Antony Cherukara — Chief Executive Officer

Yeah, definitely only — that is the only way that’s possible, right?

Saket Kapoor — Kapoor and Company — Analyst

Yes. Thank you for all the elaborate answers, sir, and all the best to Pankaj ji for his future endeavor. And sir, I think then this change in inventory will get depleted. I think — there is an increase in inventory for 9 months to the tune of INR27 crores. With the improved revenue, this will get even out for the fourth quarter.

Antony Cherukara — Chief Executive Officer

Yes, inventory, we will be slightly upward compared to the previous financial year closing. The reason is simple that in June, July, we lose space because we are not able to do demand. We don’t want that to happen going into the new financial year. So there are some corrections that we are doing in that respect.

Saket Kapoor — Kapoor and Company — Analyst

Okay, okay. Thank you once again, sir, for all the elaborate answers, and all the best. Will try to get in touch with you next time.

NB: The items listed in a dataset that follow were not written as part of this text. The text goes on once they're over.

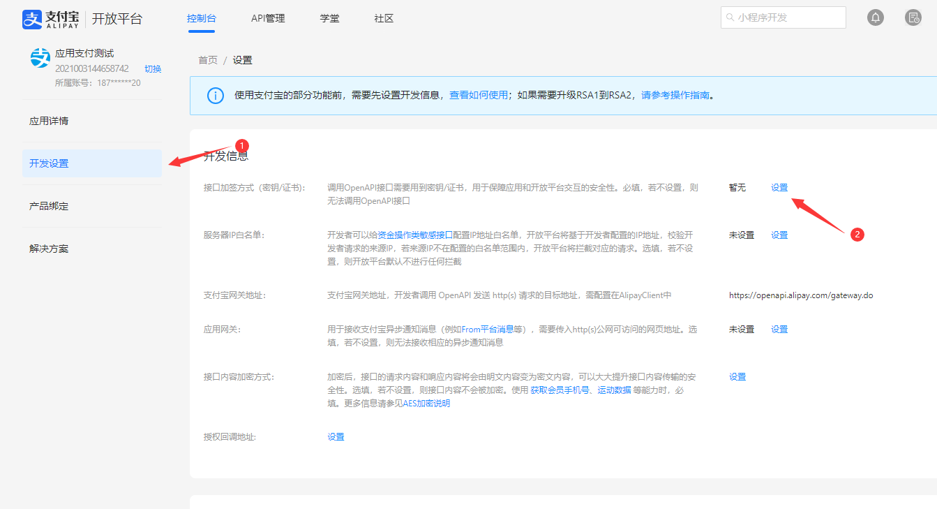 3.3、点击开发设置并选择接口加签方式设置,设置时需进行手机短信验证
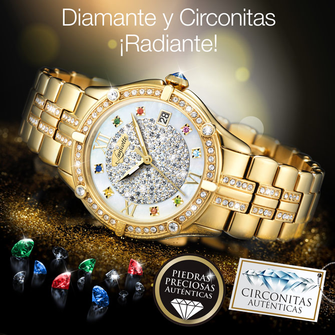 La composición es magnífica. Las Circonitas -de asombrosa similitud visual con el Diamante- también entregan su fulgor en el bisel y el brazalete, mientras que 1 auténtico Diamante -escogido por su pureza- en el dial y 1 sensacional Zafiro en la corona completan un Reloj sencillamente espectacular. LUXURY hace honor a su nombre.
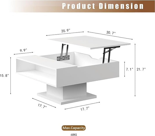 31.5" Lift Top Coffee Table with Storage, Led Square White Coffee Table with Large Hidden Storage, Wood Living Room Table Center Table for Living Room Dining Reception Room
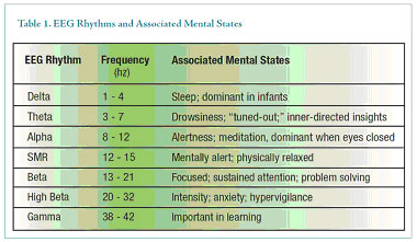 relaxed wakefulness (Alpha, 8-12 Hz), and finally to very fast activity which characterizes the activated, problem-solving mind (Beta, 13-21 Hz). The brain also shows a Sensory-Motor Rhythm (SMR 12-15 Hz) which is important in the acquisition of information and is active during mental alertness and muscular relaxation. EEGs that demonstrate very fast activity (High Beta, 22-36 Hz) point to problems with anxiety and even obsessive compulsive disorder. On the other hand, an even faster frequency brainwave, called Gamma (38-42 Hz) is important for intense problem-solving and learning (see Table 1).
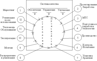 Петли качества - это замкнутый в виде кольца жизненный цикл продукции, включающий следующие основные этапы: маркетинг; проектирование и разработку технических требований, разработку продукции; материально-техническое снабжение; подготовку производства и разработку технологии и производственных процессов; производство; контроль, испытания и обследования; упаковку и хранение; реализацию и распределение продукцию; монтаж; эксплуатацию; техническую помощь и обслуживание; утилизация. Рисунок 2.

Antony Cherukara — Chief Executive Officer

Thank you.

Operator

Thank you. Ladies and gentlemen, this was the last question for today. I would now like to hand the conference over to the management for closing comments.

Antony Cherukara — Chief Executive Officer

Yes. So, thank you, everyone, and we look forward to a good Q4, as I have mentioned. So far, the going is good. January was good. We expect February to be good. We look forward to meeting you all in the month of May. Thank you.